In terms of motor symptoms, the motor model predicted that visit notes with DLB (95.5%) and PD (100%) diagnoses had the highest proportion of motor symptoms across visit notes of ADRD diagnoses, which is consistent with our understanding that motor impairment is the primary symptom for patients with DLB and PD [3,5] (Figure 4D). The MRI analysis of motor symptoms revealed that a smaller pallidum size was significantly associated with the presence of motor impairments (OR 0.73, 95% CI 0.58-0.9; P=.04) (Figure 4E). Power analysis for the logistic regression, conducted with 1000 simulations, revealed an 84.7% probability of accurately detecting a significant influence of pallidum volume on motor symptoms, which substantiates the robustness of our results. Other regions related to motor function did not exhibit significant volumetric differences (P>.05). Age and sex were accounted for in all analyses.
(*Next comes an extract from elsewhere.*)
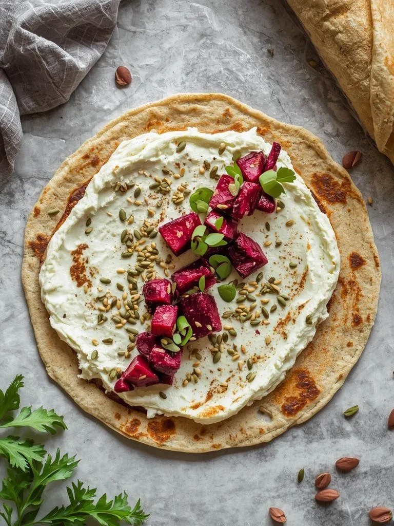 Placek tortilli posmaruj twarożkiem, posypać pestkami, zwiń tortillę oraz owiń folią spożywczą. Schowaj do lodówki na przynajmniej 10 minut.

All results were corrected for multiple comparisons [30]. Thus, the MRI findings corroborated both memory and motor symptom predictions made by our 2-tier hierarchical LLM.
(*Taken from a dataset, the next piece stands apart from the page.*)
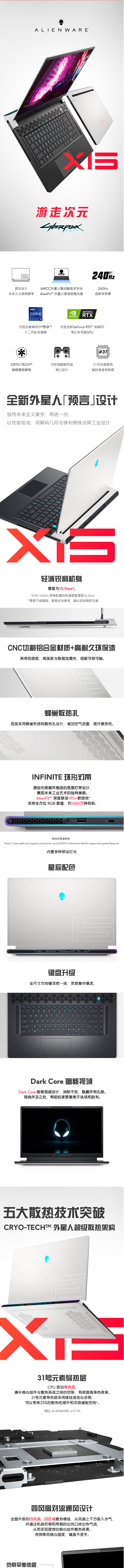 戴尔ALIENWARE x15R2 15.6英寸高端游戏本12代i9 32G 1T RTX3080Ti QHD 240Hz高刷屏轻薄笔记本电脑

We performed an error analysis to gain insights into the misclassifications made by the 2-tier hierarchical LLM, particularly in its ability to classify symptoms as intact or impaired across the 7 domains. We included both the held-out test set and the MRI validation dataset in our analysis to ensure thoroughness. It is worth mentioning that since the MRI validation dataset does not include true labels, we relied on chart reviews to validate predictions (Figure S1 in Multimedia Appendix 4).
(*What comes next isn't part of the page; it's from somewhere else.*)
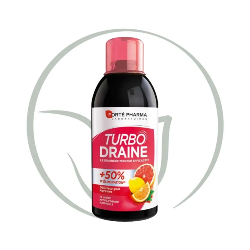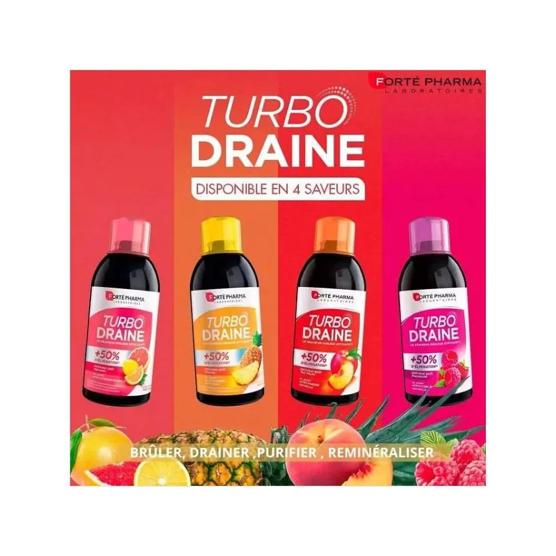 ACTIONS PRODUIT : Spécialement formulé par le Département Recherche et Développement des Laboratoires Forté Pharma, Turbodraine associe des actifs d'origine végétale pour vous offrir un allié minceur au bon goût. Draineur complet, Turbodraine vous aide à :

Our error analysis began by examining instances where the models’ predictions of symptoms across ADRD types did not align with known disease profiles. For example, in AD cases, where memory impairment is a prominent symptom [2], the model did not predict memory symptoms in 6.1% (23/378) of cases. These instances were notable for their focus on broader cognitive decline or general test scores rather than explicit mentions of memory symptoms. In FTD, 93% (62/67) of visit notes referenced memory symptoms, which is intriguing since memory impairment is not typical in FTD, particularly in its behavioral variant [31]. Manual review confirmed that these symptoms were indeed documented. In VCI, 87% (47/54) of visit notes mentioned memory symptoms, with a consistent recognition of memory issues as a feature of VCI [32]. The model detected memory symptoms in 84% (37/44) of DLB visit notes and 79% (19/24) of PPA cases, which often concerned semantic memory challenges. Another example involves motor symptoms. The model showed a small margin of error in DLB cases, failing to detect motor symptoms in just 2 cases (2/44, 5%). In AD visit notes, motor symptoms were predicted accurately in 76.2% (288/378) of notes. FTD cases showed an 88% (59/67) occurrence of motor symptoms, and VCI notes included motor symptom references in 92.6% (50/54) of cases, often related to lower body motor challenges. PPA patients were identified with motor symptoms in 63% (15/24) of notes, with manual verification confirming the presence of true motor symptoms in majority (11/15, 73%) of these cases.

The second part of the error analysis investigated visit notes by random sampling, with a focus on notes with high symptom counts (more than 10 symptom predictions). This examination uncovered several types of errors affecting prediction accuracy across all symptoms, including six types of false positives: (1) generalizing cognitive function as a symptom, (2) confusing one symptom with another symptom, (3) identifying evaluation or test statements as impairment, (4) misrecognizing intact as impaired, (5) misleading by ambiguous or complex sentences, and (6) confusing medical history as present symptoms. Four types of false negatives were also identified, including (1) overlooking particular expressions, (2) overlooking particular test scores, (3) misrecognizing impaired as intact, and (4) overlooking sentences or phrases that require contextual information. Table 4 provides a detailed breakdown of these error types and examples from visit notes. Additionally, to understand the distribution of false positives and false negatives across the model’s predictions at the sentence level, we calculated confusion matrices based on the held-out test set for each symptom, and the data are presented in Figure S4 in Multimedia Appendix 4.